I followed Lent to Kentucky, whither also went Captain I. W. Lees. Familiar with the field, after some investigation of the state of public opinion in Hardin county, I am satisfied that had Arnold stood his ground unflinchingly not a dollar could have been wrung from him by legal proceedings, no matter what the proof. And, moreover, at that time the matter of exact proof was not as easy as later on.

Negotiations leading to a compromise took place in which I played a part. These resulted in a compromise by which Arnold surrendered $150,000 on consideration of immunity from further litigation. The money was turned over to Mr. Lent personally. What disposition was made of it I am not informed, but understood that it was retained by the recipient to make good his personal loss.

So Arnold, left, according to his own statements, with an uncontested fortune of nearly half a million dollars, everywhere enjoyed the esteem and high respect which broadcloth and a large cash balance invariably inspire. But he did not live long to enjoy prosperity. Arnold, among other ambitions, wanted to shine in finance, and for this purpose opened a bank in Elizabethtown, and for a time did a rushing trade, to the great irritation of his business rivals. The quarrel became very bitter, and as differences of opinion were only arbitrated in one way in Hardin county at the period mentioned, the first time Arnold met one of his competitors the two opened fire at each other on the street, after the manner of the best traditions. Arnold never lacked courage, and had all the best of the arbitration, having winged his man once, when his antagonist's partner appeared in a doorway and landed the greater portion of a charge of buckshot in the diamond discoverer's shoulder. His wounds were considered fatal, but his iron constitution carried him far toward recovery, and he was considering with pleasant anticipation a second meeting with the bankers, with six-shooters instead of a clearing-house to balance the account, when he was seized with pneumonia. Under this last affliction the tough old campaigner, after a hard struggle, weakened and died. This happened, I think, near the close of 1873, so that Arnold's prosperity was short-lived.

What became of Slack? That was a question often asked, but never answered in a satisfactory way. As I said, the last time I ever saw him was when I left the diamond fields with the Janin party. He and Rubery remained behind. When these two separated Rubery came to San Francisco, while Slack took an eastbound train. Many attempts were made to locate him at a later day. He was heard from at various points - St. Louis, New Orleans, Memphis and Mobile. Always it turned out to be another Slack. Finally the impression became general that he must have gone abroad and hid his identity in another land.

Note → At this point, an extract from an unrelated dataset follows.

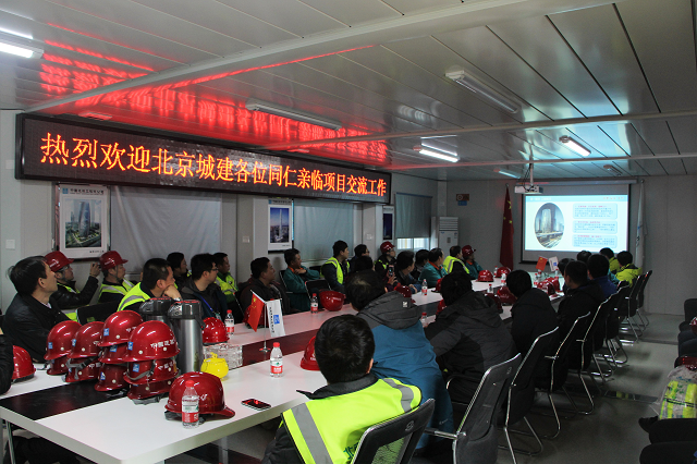 北京城建同仁一行先與項目部進行了座談交流,隨后現(xiàn)場參觀。麗澤SOHO項目總工姬祥就項目的建設(shè)情況、現(xiàn)場標(biāo)準(zhǔn)化管理、安全文明施工、項目BIM應(yīng)用及技術(shù)質(zhì)量管理向交流團進行了深入介紹。交流會結(jié)束后,交流團重點考察了現(xiàn)場施工情況,并對部分工程的技術(shù)優(yōu)化進行了交流探討。

But the strange part of it was that Arnold had all the money, or nearly all of it, as appears by his signed statements and later by the inventory of his estate, which corresponded. Granting every possible contingency, the share of Slack was either practically nothing or very small, not to exceed $30,000 at the utmost. As they always figured as partners, and as Slack, though not the spokesman, appeared a man of force, I have always considered that a deep mystery hung over his fate. It seems not unlikely that he died somewhere in the Western country, probably among strangers, and never participated in the profits of the diamond fraud at all.